Thursday, November 11, 2004

Repairing, Reforming or Repainting?

Is it possible that many who think of themselves as "progressive" within their own religious tradition are simply rushing to emulate the mistakes of other denominations? I know I may sound like an "old-shcool conservative" here, but trust me I'm going somewhere completely different. I run in fairly progressive circles inside the churches of Christ (the use of "progressive" and "churches of Christ" in the same sentance just caused uncontrollable laughter in some readers from other traditions), and it seems to me that what some of my contemporaries are really saying is "what we really want to be is a Baptist Church from the early '90's" (though they obviously wouldn't phrase it that way.) Now, I have nothing against Baptists (indeed their tradition has enriched my faith and taught me countless things about God), I just think they are in the same kind of boat we are, alghough it might be painted a different color. Most mainline denominations seem to be suffering from the same root problems: a self-centerd gospel (which isn't acutally good news at all), a slick marketing version of evangelism, and the unnoticed blinders of modernity. Until these issues are addressed and changed, anything else we are doing is simply repainting a ship with a broken mast.

5 comments:

Brandon Scott Thomas said...

Adam-
You are so right! It's a systemic problem...a vision problem. No matter what the marketing may look like, as long as it stays about us it ends up in the same heap. Yuck.

c said...

This seems to run true in other circles as well. "We want to be postmodern church," they seem to announce. "We want to have a postmodern service." But it just seems like they are singing a different tune but are not changing the lyrics. What needs to happen first is a changing of the words. And this is what is so hard. Its easy to change the style of our worship, but it is difficult to change your theology. I believe once we understand what the Kingdom of God is or at least have a general concept, then our methodology will change. Your theology determines your methodology, and I hope we can be a people that practice that theology as a group in the coming days.

I guess my question is, "Will a postmodern (apologize for using this ambiguious word, but seems to fit the discussion churches are having) church really look different on the inside?" By that I mean our form, or will our difference come with our outwardness?

I guess we should determine what God's calling us to become in our context? Jeremiah was told by God to "Stand at the crossroads and look, and ask for the ancient paths, where the good way lies; and walk in it, and find rest for your souls."

Fajita said...

I wonder if trying to be progressive, postmodern or being anything is only a reflection of the depths to which modernism has saturated our thinking. Only a modern would try to be postmodern. I fear that so many Christians think they are being postmodern when in reality they are being modern in a different way. A rush to postmodernism is likely to result in finding something and getting happy with it...making it the new modern and thereby losing everything that's good about the searching for something.
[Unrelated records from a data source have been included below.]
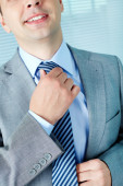 Uśmiechnięty mężczyzna ustalania jego krawat
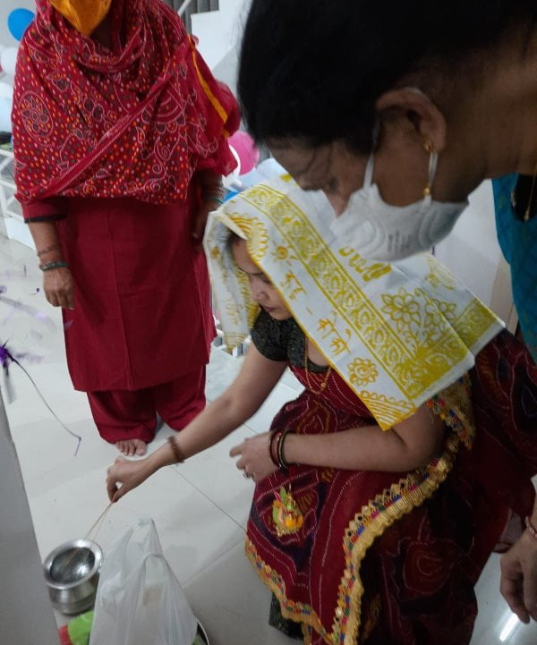 गुजरात पुलिस में अपनी सेवा दे रही आईपीएस अधिकारी और राजस्थान की बेटी सरोज कुमारी के घर इस समय खुशियों का माहौल है. अक्सर वर्दी में सभी को दिखने वाली यह आईपीएस बच्चों के जन्म के मौके पर अपनी ग्रामीण पृष्ठभूमि को नहीं भूलीं है. वह बच्चों को जन्म देने के बाद अपनी पारंपरिक ग्रामीण महिलाओं की वेशभूषा लहंगा चूनरी में नजर आई हैं.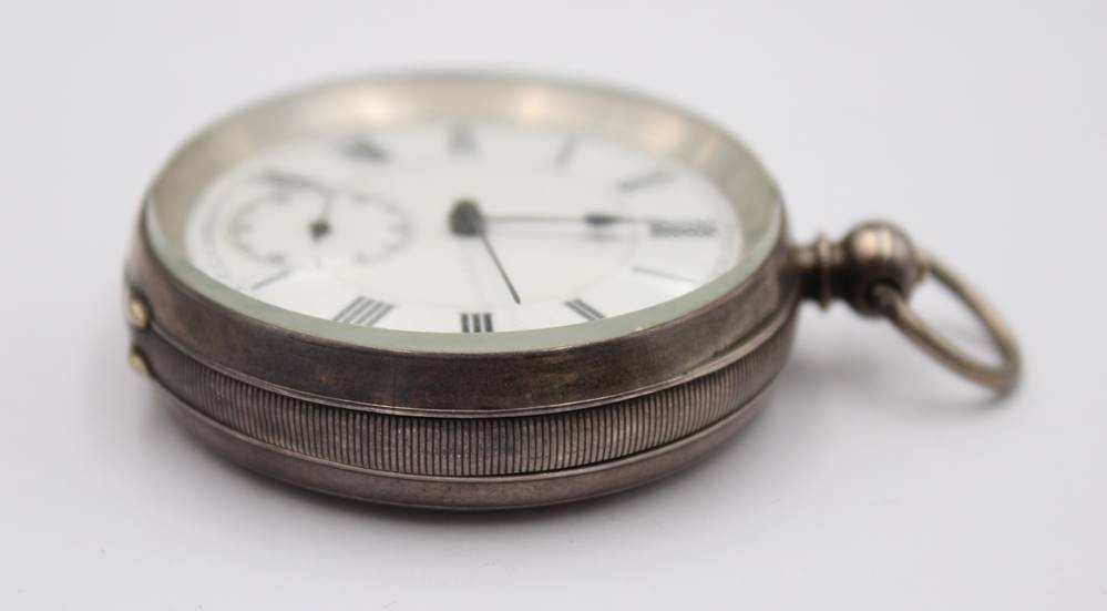 gr. Taschenuhr um 1900, 935er Silbergehäuse, Schlüsselwerk läuft, ca. D-5,2cm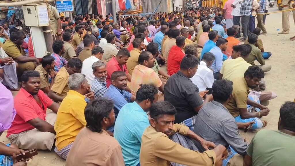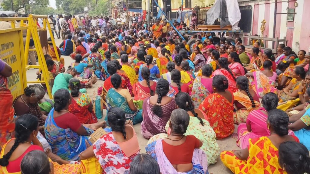 அனைத்து பிரிவு பணியாளர்களளுக்கும் தீபாவளி பண்டிகை போனசாக ஒரு மாத சம்பளத்தை வழங்கிட வேண்டியும் சென்னை தூய்மை பணியாளர்கள் போராட்டத்திற்கு ஆதரவு தெரிவித்தும் காவல்துறையின் அராஜகத்தை கண்டித்தும் மதுரை மாநகராட்சி தூய்மை பணியாளர்கள் ஆகஸ்ட் -18 ஆம் தேதி நேற்று முன்தினம் முதல் காத்திருப்பு போராட்டத்தை தொடங்கினர். தற்போது கோரிக்கைகளை வலியுறுத்தி பெரியார் பேருந்து அருகே உள்ள மேலவாசல் பகுதியில் ஐந்தாவது நாளாக போராட்டத்தில் ஈடுபட்டு வருகின்றன.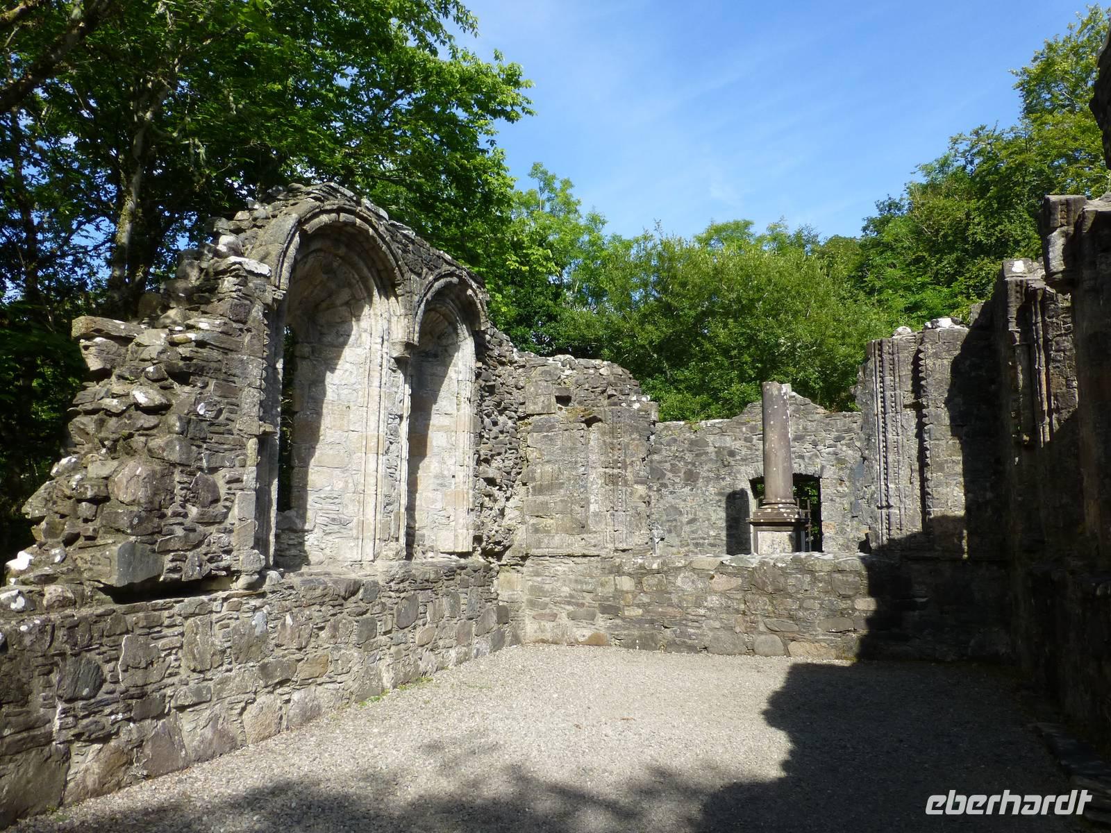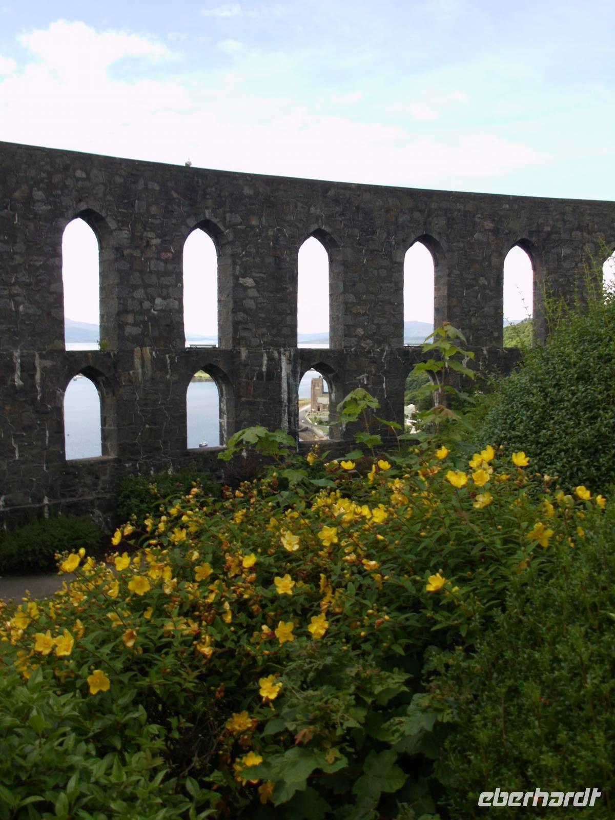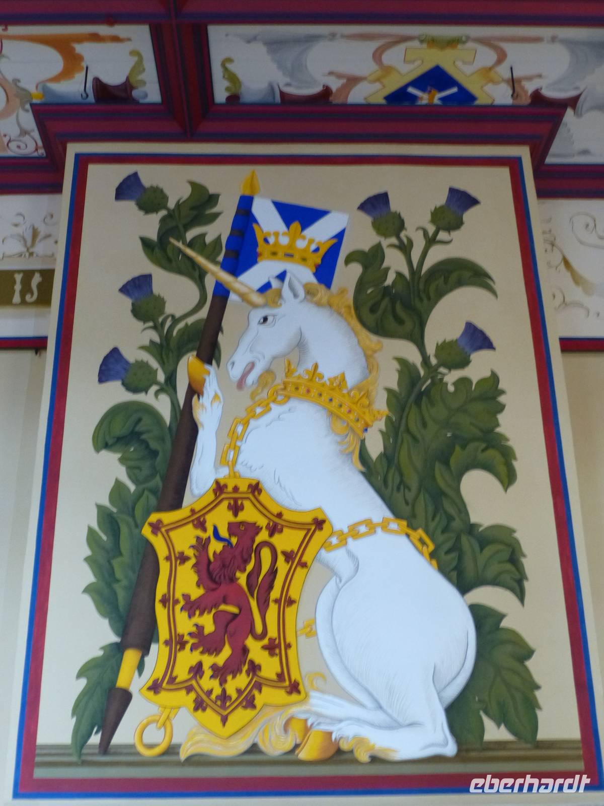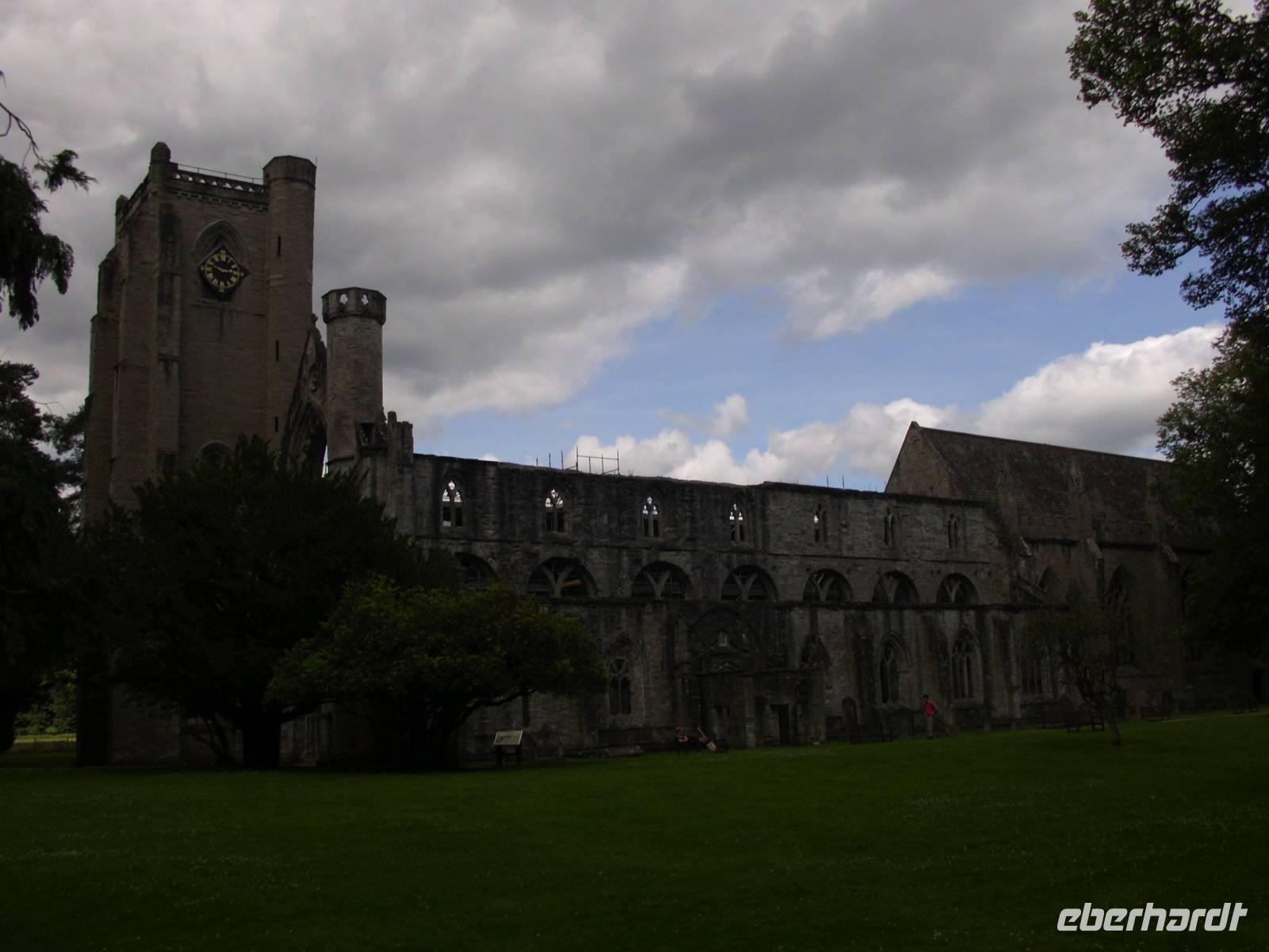 Ganz in der Nähe lag auch das Blair Castle, welches dem Grafen von Atholl gehört, der einzige Brite, der eine Privatarmee unterhalten darf. Es war Queen Victoria, die dem Vorfahren des jetzigen Grafen dieses Recht gewährte, gewissermaßen als Entschädigung für das Leid welches den Schotten von Seiten Englands angediehen wurde.Im Anschluss also an den Besuch des Queen's View ging es durch die Hermitage, einen Wald mit beeindruckenden Douglasien. Diese aus dem amerikanischen Westen stammende Fichtenart erhielt ihren Namen nach dem schottischen Botaniker David Douglas. Direkt über einem Wasserfall - in dem allerdings nicht die versprochenen Lachse sprangen - stand, im neoklassizistischen Stil errichtet, Ossian's Hall.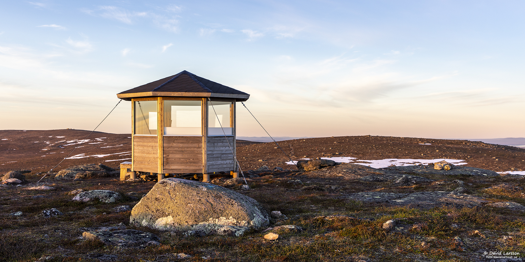 På vardera sidan om vindskyddet syns här Stora toppen och Kelvatoppen.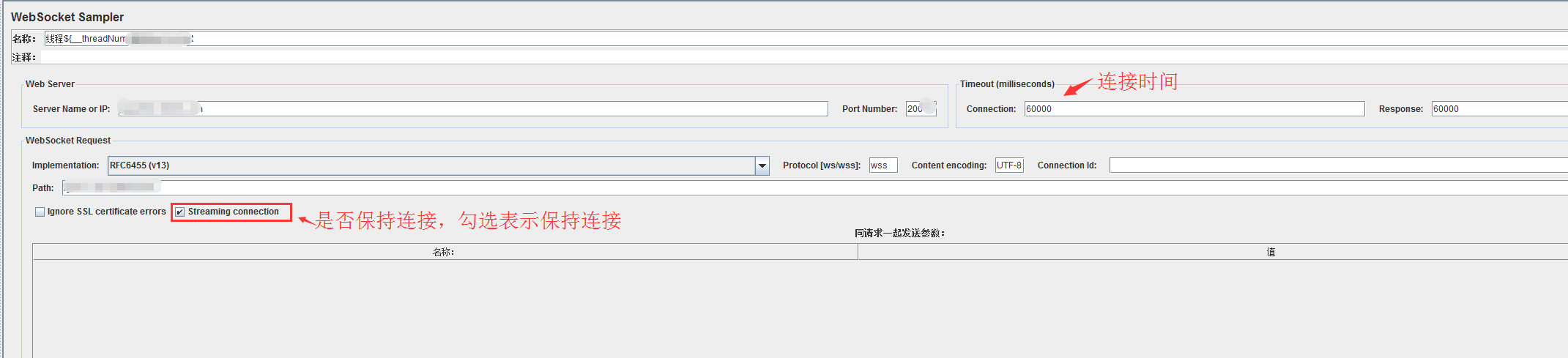 (1)Server Name or IP:WebSocket发送的目标服务器的地址或者名称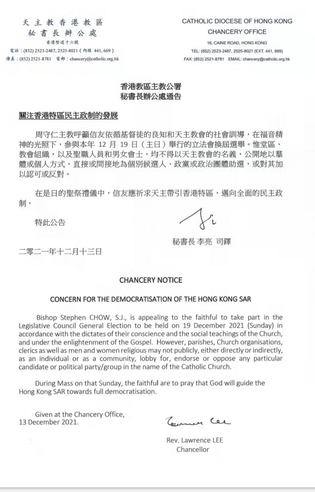 立法会选举将于12月19日进行,全部90个席位都出现竞争,本港宗教界多个团体呼吁市民踊跃投票。 其中,天主教香港教区指出,呼吁信友依循基督徒良知和天主教的社会训导,积极参与本次立法会换届选举。香港基督教协进会提到,希望合资格投票人士积极投票,尽公民责任,为港人求福祉。香港回教信托基金总会表示,投票是公民责任,冀所有合资格的在港穆斯林群体在投票日积极投票。 此外,啬色园指,一向支持港府完善选举制度,令香港重回「一国两制」轨道,落实「爱国者治港」,呼吁选民关心选举,踊跃投票。香港道教联合会提到,呼吁信众当日赴各区投票站投票,为香港开创更好明天。香港佛教联合会表示,寄望新一届立法会可照顾香港整体利益,解决社会矛盾,令民心安定,呼吁信众投下重要一票。

The question is not whether the skydiver will hit ground, but rather will he or she jump again. I fear most people will be satisfied to jump, but just once.

Steve F. said...

One day, an a burst of frustration, I defined the difference in this crass way:
Modernism: in the end, if we study and pray and meditate enough, we *can* know God's private cell phone number.
Post-modernism: even if we *had* the number...in the end, we can't *know* if God will answer our call.

(Of course, like all generalizations, this one's not really worth a *$&%, either.)

I agree with Adam, that if there is not a fundamental change in the way we seek to "know God" and "do church," then a mainstream church "having a postmodern service" or "going postmodern" becomes nothing more a blind man with a new pair of really cool Oakley sunglasses. It may very well look good, but nothing fundamental has changed in how we see things.

However cheap and simplistic my definition above, I hope it *does* at least show the difference between a desire for intellectual knowledge *about* God and a desire for a relationship that can survive past the caller-ID readout. As little as I understand on this topic (and trust me, it ain't a lot), I believe this change is also about a changed lifestyle or discipline: perhaps the image I'm seeking is the difference between my knowledge that "fitness is good" and having a weekly walking and eating plan to which I adhere.

As a person on the outer-limits of middle-age, I have seen the empty husks of spiritual modernity lying around the church for, well, a long, long time. Decades of alliterative three-point sermons and whipping congregants to "learn all you can about Jesus" simply have not transformed the spiritual countryside...and it's not for lack of trying.

The more I hear, and the more I learn, the more I know that I've been seeking "the emergent church" - outward facing, Acts 2:42-focused, bounded only by two Great Commandments and one Great Commission - ever since Vatican II. Let it come quickly, Lord!